Once you have all of the ports plugged off, pump the pump up to 3 PSI and see if it moves. If you lose any pressure, take some soapy water and spray around the fill, the vent port, also the hoses and pump at the pick up fittings.
If there is air coming out of the vent, disconnect the hose and do the bolt trick there too. Check the fuel sender just to be sure.
Then, if there isn’t any air coming out of any of these places, but you are still losing air, most likely you will see fuel start to accumulate in the bilge and you will get a strong smell of fuel. This is a tell tale that the tank has failed and there is a hole somewhere on the tank!
What Are The Options if the Boat Fuel Tank is Leaking?
This is the point where we can get super expensive, cheap and quick, or just whack and pack that bad boy to get back on the water. Depending on the boat and the budget there are only a few options to safely do this.
I do know of people that have successfully repaired some fuel tanks. They have made some patch work out of it and/or have rigged it back together.
This may be an option for some to figure out a way to repair a boat fuel tank without replacing it. But as for me and my advice, in the situations that I deal with, we’re talking about offshore, ocean going, deep blue boating.
Not back on the river, the weekend lake warrior, or the pond fisherman.
So, yes you can patch some tanks and fix them. But I can’t recommend this because my concern is safety and when people are taking 21′ center consoles 30 miles offshore in 2500′ of water. We want to make sure we get back home.
We can’t have any fires, explosions, major leaks, or catastrophes where we are floating off into the night at the mercy of the waves.
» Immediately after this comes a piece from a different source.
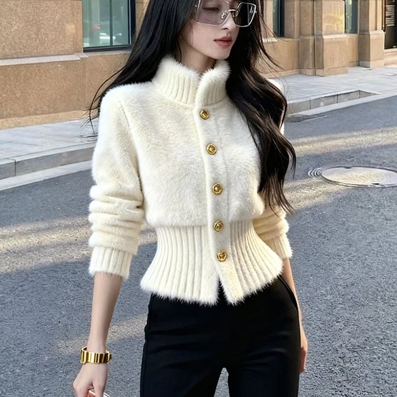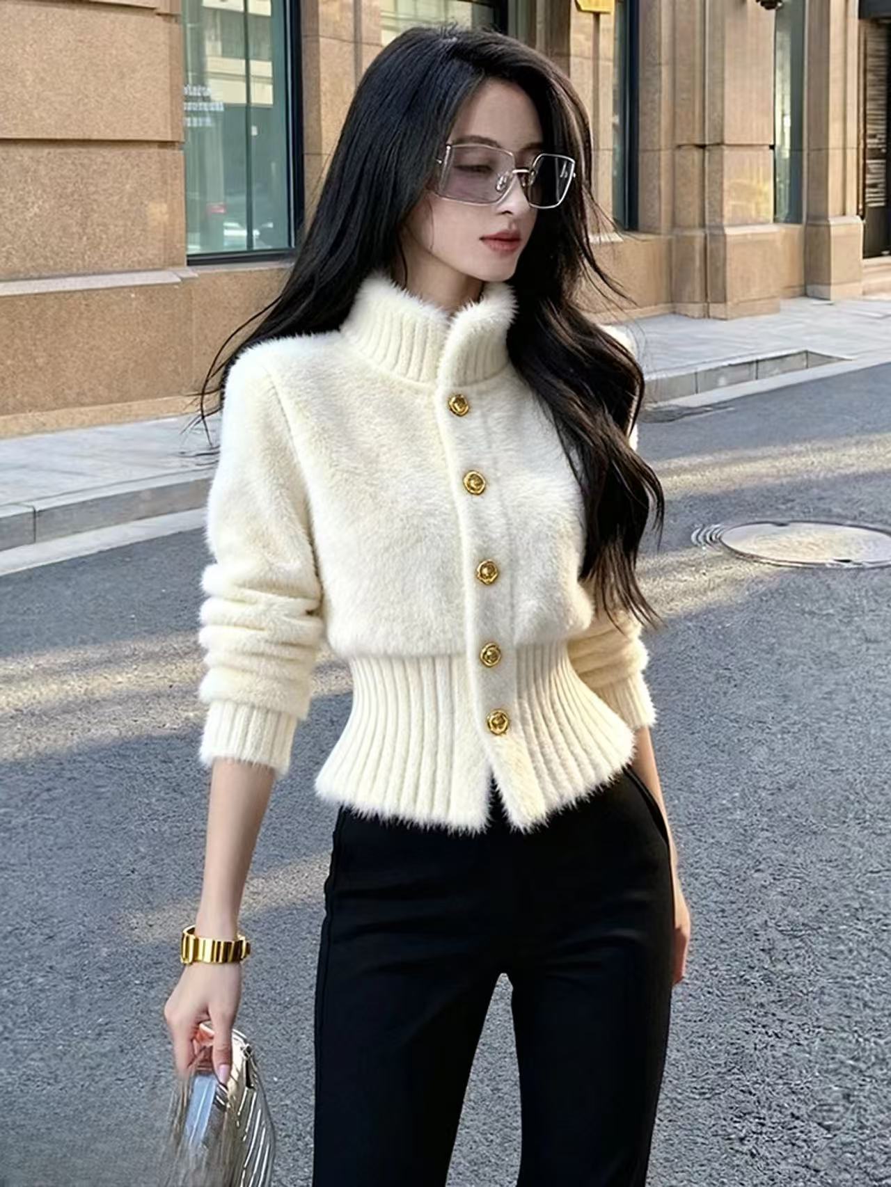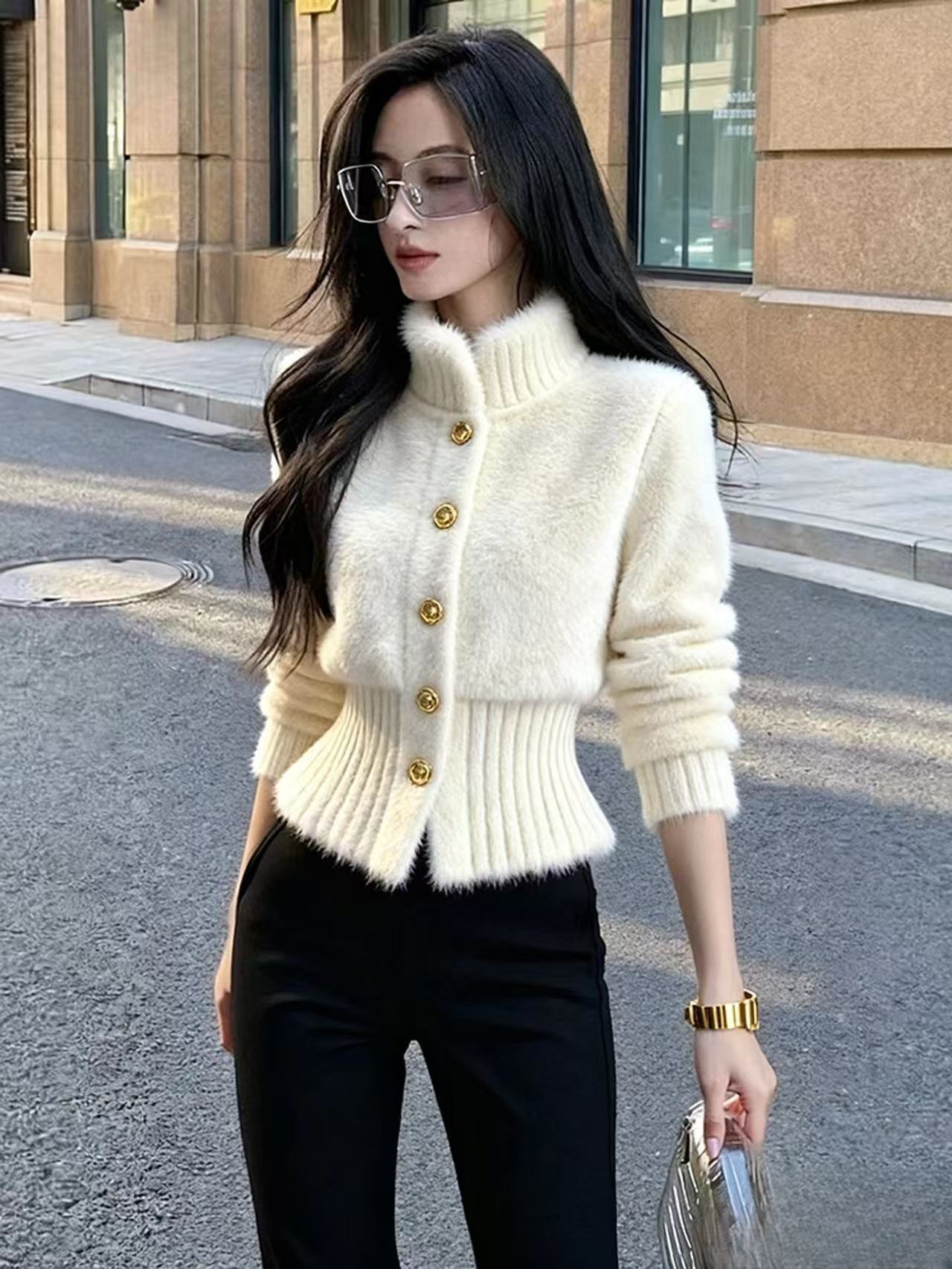 MY15641# 白色毛绒外套女款巨好看独特漂亮软糯气质高端掐腰小香风上衣女裝貨源服裝批發

What Are the Cheap Options?
The cheapest option available is go ahead and abandon the main boat fuel tank for the time being.
What you can do here is to use a remote tank. Get a large remote fuel tank that can hold 20-30 gallons of fuel and place that tank in the back of the boat. Hook that up and get fishing!
The advantages of this is that you can get back on the water in no time! It’s a quick deal, hook up the fuel hose, fill it up, prime up the primer bulb, start the engine and get going!
You can get this done in a matter of a weekend depending on if there is a fuel tank available in your area.
The disadvantage to this is that if you don’t have a lot of room in the transom area of your boat, then this will be challenging. Another disadvantage to this is that you have limited distance!
Being used to having a larger tank in a main boat fuel tank holding 60-80 gallons of fuel, this will be cutting you down a lot. But for the time being if needed, this will be a quick and safe alternative to the other options.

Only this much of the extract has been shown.